На лице священнослужителя отразилось страшное изумление. Он побледнел.

– Ваша светлость… – Викарий неуверенно поклонился в ответ, его глаза растерянно забегали по комнате. Он дважды пытался снова заговорить, но оба раза слова застревали в горле. Наконец священнослужитель слабо улыбнулся. – Тогда, ваша светлость, у вас наверняка есть причина для присутствия в спальне миссис Дуннан.

Монкриф не желал посвящать викария в то, что Кэтрин решилась покончить счеты с жизнью, а потому он просто сказал:

– Я знал ее мужа.

Викарий кивнул с важным видом.

– Ну, разумеется. И вы приехали, чтобы выразить миссис Дуннан свои соболезнования. – Он обернулся к толпе слуг. – В этом нет ничего дурного, ничего неприличного. Благородный господин просто решил выполнить свой долг.

Титул явно оказался, кстати, а сопутствующий ему доход – еще больше. Монкриф невольно задумался, какие пожертвования на благо местного прихода ему придется сделать до исхода нынешнего дня.

Он бросил взгляд на Кэтрин. Никому из присутствовавших не показалось странным, что она спит. Сейчас Монкриф видел ее профиль, казавшийся воплощением девственной чистоты и покоя. Горе больше не искривляло линии губ. Веки спокойно прикрывали глаза, в которых прежде плескались отчаяние и безутешная скорбь.

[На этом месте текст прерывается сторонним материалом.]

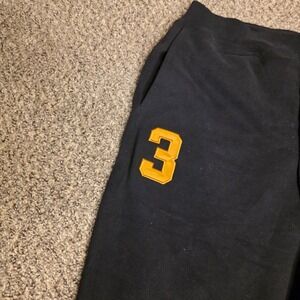 Polo Ralph Lauren fleece sweatpants in a solid black finish showcase the iconic Triple Pony embroidery in vibrant gold on the left thigh. These joggers are detailed with a large yellow "3" patch on the right leg, paying homage to traditional polo team uniforms. Designed for comfort, they feature an elasticized drawstring waistband, ribbed cuffs, and side seam pockets, along with a single rear patch pocket. The heavy-duty cotton blend fabric provides a soft, warm feel ideal for athletic wear or casual lounging.
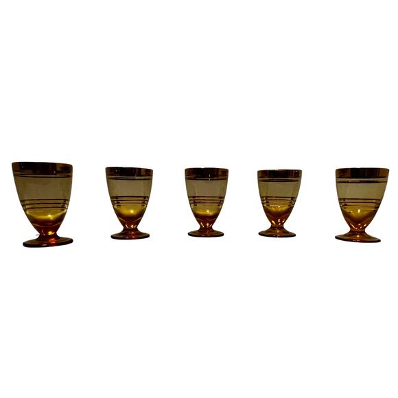 Vintage Amber Bohemian Shot Glasses With Gold Stripes Lot of 5 Glasses

Кэтрин Дуннан беспомощно лежала на кровати. Никто не осведомился о ее состоянии, не выразил тревоги. Именно это безразличие окружающих глубоко встревожило Монкрифа.

Колстин-Холл был процветающим имением и хорошо содержался. Слуги явно отлично питались и вовсе не были перегружены работой. Так, где же их верность хозяйке? Люди часто поддаются стадному инстинкту и действуют по примеру вожака. Так кто же здесь вожак? Глинет? Неужели слуги подражают именно ей в своем отношении к Кэтрин?

– Она нездорова? – вдруг спросил викарий, как будто подслушав мысли полковника.

– Нездорова, но я надеюсь, что поправится.

– Вы сами оказали ей помощь, ваша светлость? – Пухлое лицо викария расплылось в такой широкой улыбке, что стало похоже на мордочку белки с набитым орехами ртом. – С вашей стороны это большая любезность, но вам не стоит больше волноваться. Здесь есть люди, которые о ней позаботятся.

Так ли это? Что станет с Кэтрин, когда он уедет? Будет ли она все так же предаваться безмерному горю? Или в следующий раз, когда она снова решится принять слишком большую дозу опия, попытка окажется успешной?

Монкриф посмотрел на молодую девицу, которая открывала ему дверь. Та отвела взгляд. Глинет стояла за спиной викария, опустив глаза. Остальные слуги толпились в дверях. На их лицах читалось скорее любопытство, чем тревога. Та служанка, которую вчера так забавляло происходящее в гостиной, сейчас стояла с глупой улыбкой. Ясно одно – никому из них нет дела до Кэтрин. Монкриф не рискнул бы оставить на попечение этих людей даже больного щенка.

– Я сам о ней позабочусь, ваша светлость. – Викарий сунул большие пальцы за вырез жилета и покачался на каблуках. Весь его вид излучал благополучие и самодовольство. Пожалуй, он выглядел слишком процветающим для простого викария. Разве священнослужители не должны чураться земных богатств? Похоже, это духовное лицо умело отдать должное хорошему обеду. Одежда викария также свидетельствовала о полном финансовом благополучии, которым он, без сомнения, был обязан щедрости Кэтрин.

Монкриф вдруг прочувствовал, что внешне незначительные события, свидетелем и участником которых он поневоле стал, способны изменить весь ход его жизни.

– В этом нет необходимости, викарий, – услышал собственный голос Монкриф. – Я полагаю, что мы с миссис Дуннан должны обвенчаться как можно скорее. Это необходимо и для ее репутации, и для моего собственного спокойствия.